• [Dataset]
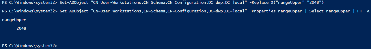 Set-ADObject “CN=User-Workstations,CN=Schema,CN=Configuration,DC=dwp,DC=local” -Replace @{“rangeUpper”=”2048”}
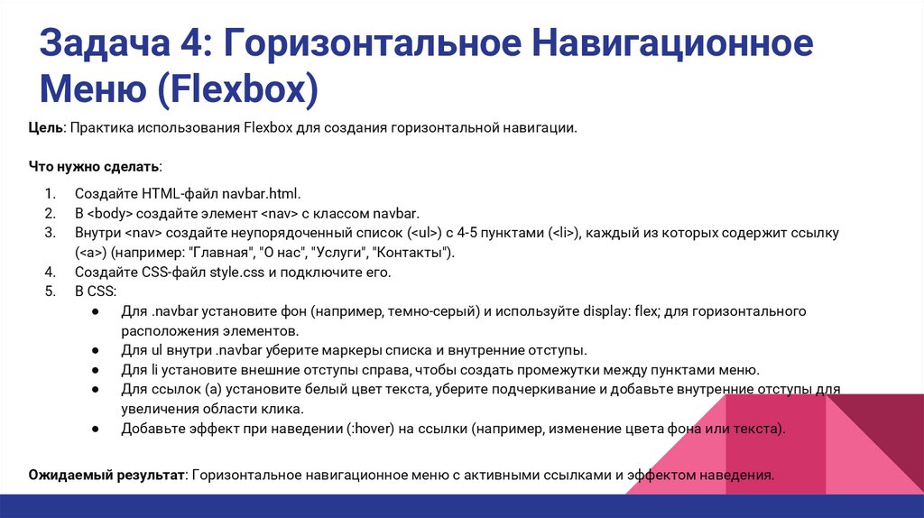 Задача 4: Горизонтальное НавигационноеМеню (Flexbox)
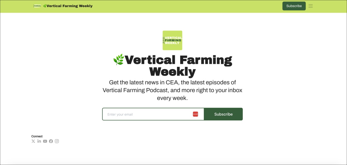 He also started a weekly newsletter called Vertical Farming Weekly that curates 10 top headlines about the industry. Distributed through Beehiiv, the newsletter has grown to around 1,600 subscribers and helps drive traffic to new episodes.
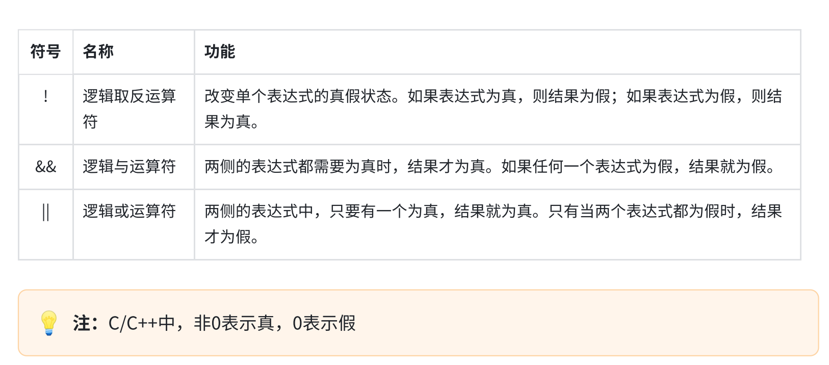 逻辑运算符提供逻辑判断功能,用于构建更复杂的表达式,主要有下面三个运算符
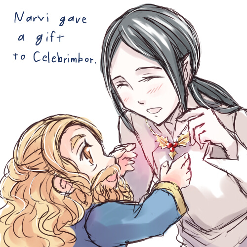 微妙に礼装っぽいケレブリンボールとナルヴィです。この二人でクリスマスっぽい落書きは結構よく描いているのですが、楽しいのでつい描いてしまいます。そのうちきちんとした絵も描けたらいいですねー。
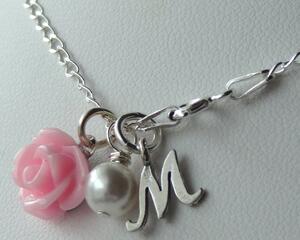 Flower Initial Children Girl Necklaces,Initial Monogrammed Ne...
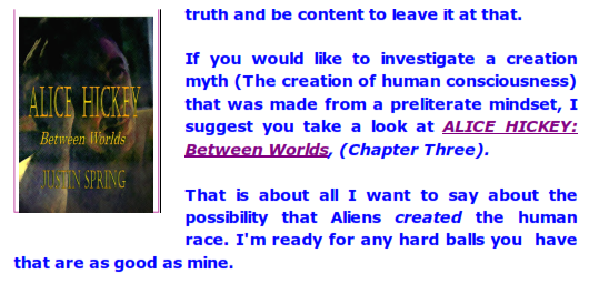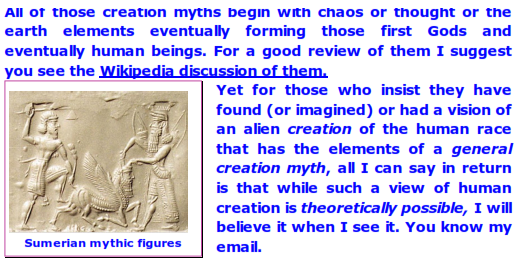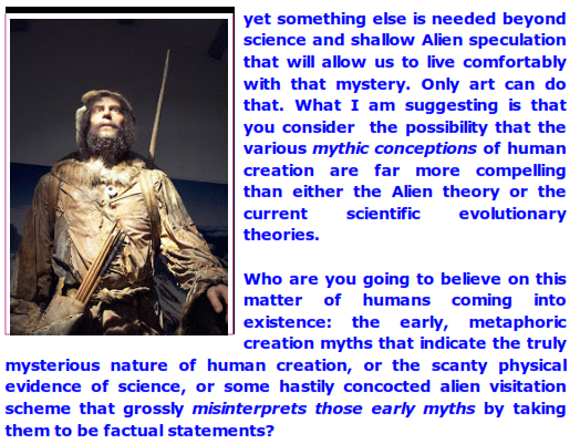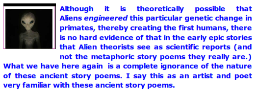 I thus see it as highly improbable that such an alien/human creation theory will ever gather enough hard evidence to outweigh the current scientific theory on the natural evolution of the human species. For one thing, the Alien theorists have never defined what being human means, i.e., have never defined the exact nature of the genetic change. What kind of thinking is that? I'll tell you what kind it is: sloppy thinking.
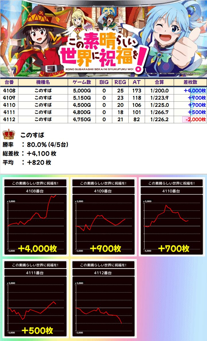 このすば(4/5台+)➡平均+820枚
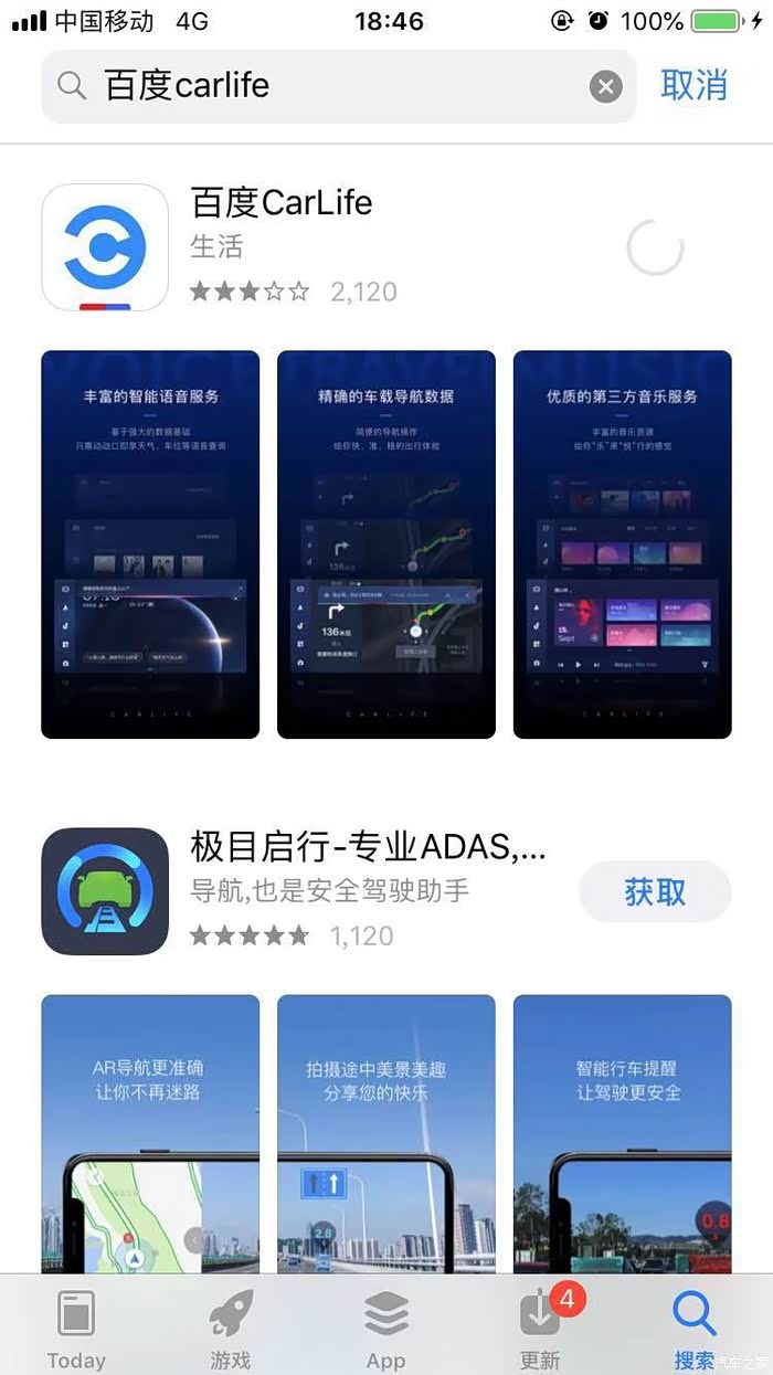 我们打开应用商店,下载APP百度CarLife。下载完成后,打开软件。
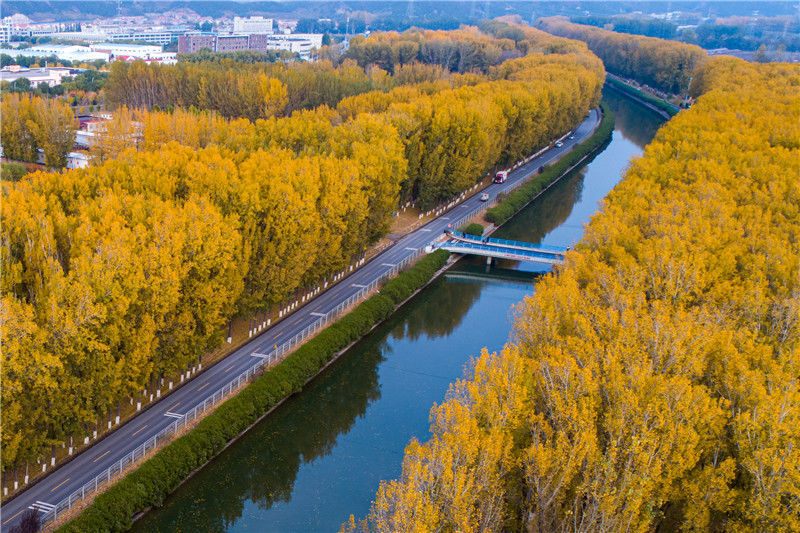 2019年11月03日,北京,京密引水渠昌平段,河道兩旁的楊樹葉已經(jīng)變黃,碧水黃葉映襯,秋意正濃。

• [Task statement]
The records above are to be restated exactly, with all pictures omitted.

• [Solution to this exercise]
 Set-ADObject “CN=User-Workstations,CN=Schema,CN=Configuration,DC=dwp,DC=local” -Replace @{“rangeUpper”=”2048”}
 Задача 4: Горизонтальное НавигационноеМеню (Flexbox)
 He also started a weekly newsletter called Vertical Farming Weekly that curates 10 top headlines about the industry. Distributed through Beehiiv, the newsletter has grown to around 1,600 subscribers and helps drive traffic to new episodes.
 逻辑运算符提供逻辑判断功能,用于构建更复杂的表达式,主要有下面三个运算符
 微妙に礼装っぽいケレブリンボールとナルヴィです。この二人でクリスマスっぽい落書きは結構よく描いているのですが、楽しいのでつい描いてしまいます。そのうちきちんとした絵も描けたらいいですねー。
 Flower Initial Children Girl Necklaces,Initial Monogrammed Ne...
 I thus see it as highly improbable that such an alien/human creation theory will ever gather enough hard evidence to outweigh the current scientific theory on the natural evolution of the human species. For one thing, the Alien theorists have never defined what being human means, i.e., have never defined the exact nature of the genetic change. What kind of thinking is that? I'll tell you what kind it is: sloppy thinking.
 このすば(4/5台+)➡平均+820枚
 我们打开应用商店,下载APP百度CarLife。下载完成后,打开软件。
 2019年11月03日,北京,京密引水渠昌平段,河道兩旁的楊樹葉已經(jīng)變黃,碧水黃葉映襯,秋意正濃。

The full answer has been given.